Thursday, June 06, 2013

Church democracy and representation - laity, elders and clerics, young and old, women and men


While Methodists are his favourite, Gerry Adams is on record saying “I love the democratic nature of the Presbyterian Church”.

But if Gerry took a closer look under the covers, would he be happy with the level of democracy? Certainly there are many opportunities for members to be involved in shaping local work and events, and serving on congregational committees. But as you look at kirk sessions, and the hierarchy of central committees and boards, it is clear that the representation becomes less all-member and increasingly male and clerical.

Where are the women? Where are the elders? Are we covering all ages? Where is the diversity of voice? The “priesthood of all believers” isn’t just a phrase – it needs to be a reality.


I started writing this post on Tuesday. Each day there has been further articulation of the issue on stage and some positive – if limited – movement towards addressing the deficit.

Back in 2007 the General Assembly agreed to more effectively listen to the voice and views of young people.
The main aim of SPUD [Speaking Participating Understanding Deciding] is to enable young people to have a meaningful opportunity to be involved in decision-making at a denominational and a local level. However it is a key principle that we are not just making our voices heard, but also listening to the views of others and to the rest of the church.

More than twenty SPUD resolutions have been proposed and agreed at subsequent General Assemblies, despite the clash with school and college exams. Indeed today an additional resolution was tagged onto the end of the lapsed Board of Social Witness business that was a direct consequence of two SPUD speeches yesterday morning.

Guests from outside the Presbyterian denomination attending the opening night of General Assembly may have been bemused by the fact that other than the orchestra, everyone on the stage and everyone speaking was male and wearing a clerical shirt.

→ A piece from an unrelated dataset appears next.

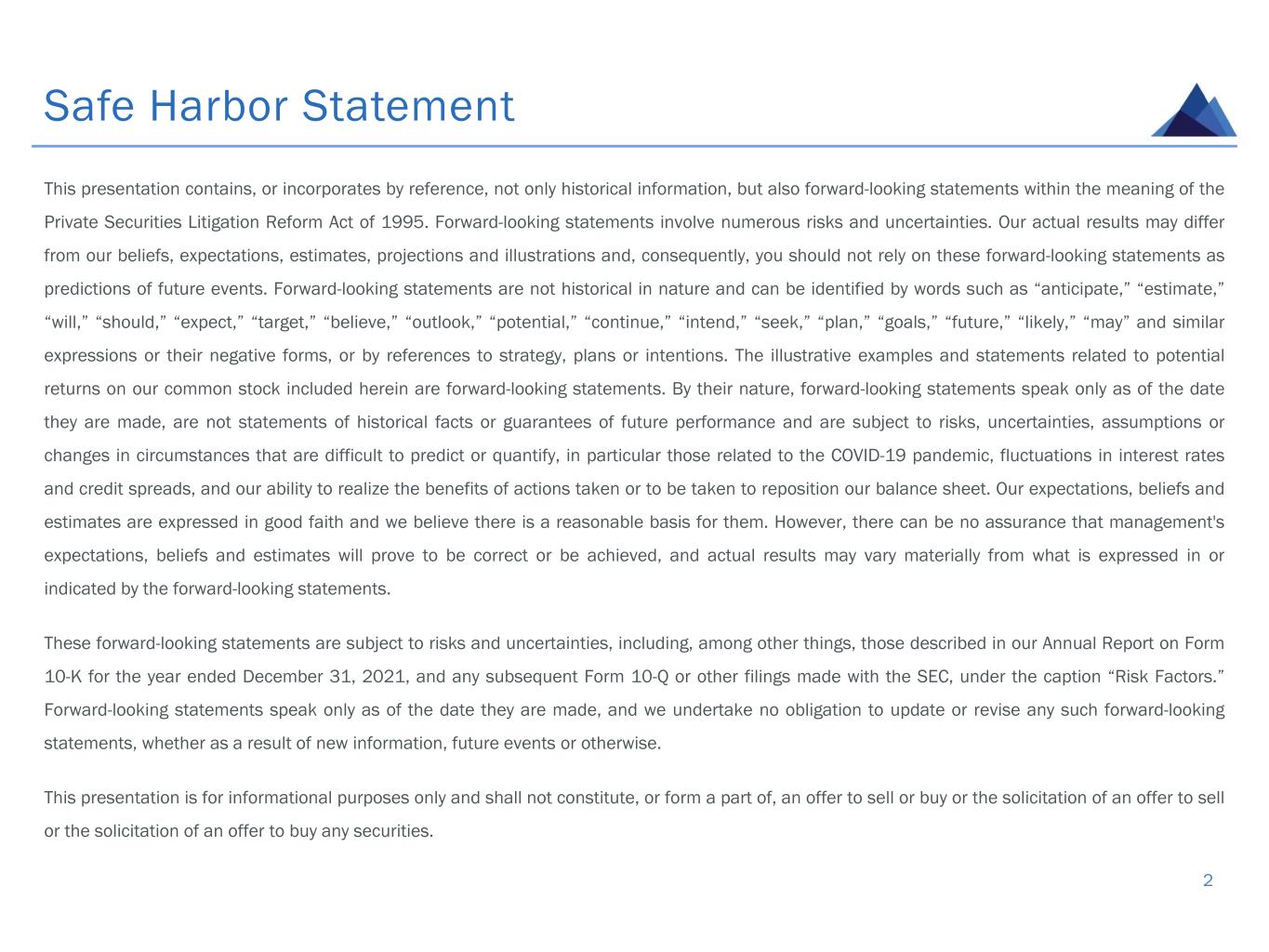 Safe Harbor Statement This presentation contains, or incorporates by reference, not only historical information, but also forward-looking statements within the meaning of the Private Securities Litigation Reform Act of 1995. Forward-looking statements involve numerous risks and uncertainties. Our actual results may differ from our beliefs, expectations, estimates, projections and illustrations and, consequently, you should not rely on these forward-looking statements as predictions of future events. Forward-looking statements are not historical in nature and can be identified by words such as “anticipate,” “estimate,” “will,” “should,” “expect,” “target,” “believe,” “outlook,” “potential,” “continue,” “intend,” “seek,” “plan,” “goals,” “future,” “likely,” “may” and similar expressions or their negative forms, or by references to strategy, plans or intentions. The illustrative examples and statements related to potential returns on our common stock included herein are forward-looking statements. By their nature, forward-looking statements speak only as of the date they are made, are not statements of historical facts or guarantees of future performance and are subject to risks, uncertainties, assumptions or changes in circumstances that are difficult to predict or quantify, in particular those related to the COVID-19 pandemic, fluctuations in interest rates and credit spreads, and our ability to realize the benefits of actions taken or to be taken to reposition our balance sheet. Our expectations, beliefs and estimates are expressed in good faith and we believe there is a reasonable basis for them. However, there can be no assurance that management's expectations, beliefs and estimates will prove to be correct or be achieved, and actual results may vary materially from what is expressed in or indicated by the forward-looking statements. These forward-looking statements are subject to risks and uncertainties, including, among other things, those described in our Annual Report on Form 10-K for the year ended December 31, 2021, and any subsequent Form 10-Q or other filings made with the SEC, under the caption “Risk Factors.” Forward-looking statements speak only as of the date they are made, and we undertake no obligation to update or revise any such forward-looking statements, whether as a result of new information, future events or otherwise. This presentation is for informational purposes only and shall not constitute, or form a part of, an offer to sell or buy or the solicitation of an offer to sell or the solicitation of an offer to buy any securities. 2

Every congregation sends their minister and a representative elder to the assembly. Over 600 ministers and over 400 elders were registered to attend. Each delegate has an equal vote, and an equal right to ask questions and make speeches. Yet on the first day of business at the assembly only two elders spoke: one convenes a board, the other is clerk of a presbytery. Throughout the week – other than those delivering board reports – only a handful of elders spoke.

There was a fabulous – if rare – moment of accountability on Wednesday when two elders who had travelled 170 miles to ask a series of pertinent questions around the low level of third level education chaplaincy in Dublin.

An induction session is run on the first morning of the General Assembly to introduce new delegates to the procedures of ‘the house’. However, recognising the consistent low level of participation, surely more could be done during the week – from the front – to regularly encourage delegates to take part in the business.

The planned reorganisation of central denominational structures (boards, or councils) has been delayed for another year. And with it delays the opportunity to address the gender balance – and perhaps other diversity imbalances – and in the makeup of those nominated to serve on the committees and boards/councils.

2013 is the fortieth anniversary of the General Assembly agreeing to ordain female ministers. While it’s the policy of the denomination, the uptake has been low … and slow. In the forty years, less than forty women ministers have been ordained – around 6% of PCI’s ministers. Perhaps the denomination needs to call in Lord Patten?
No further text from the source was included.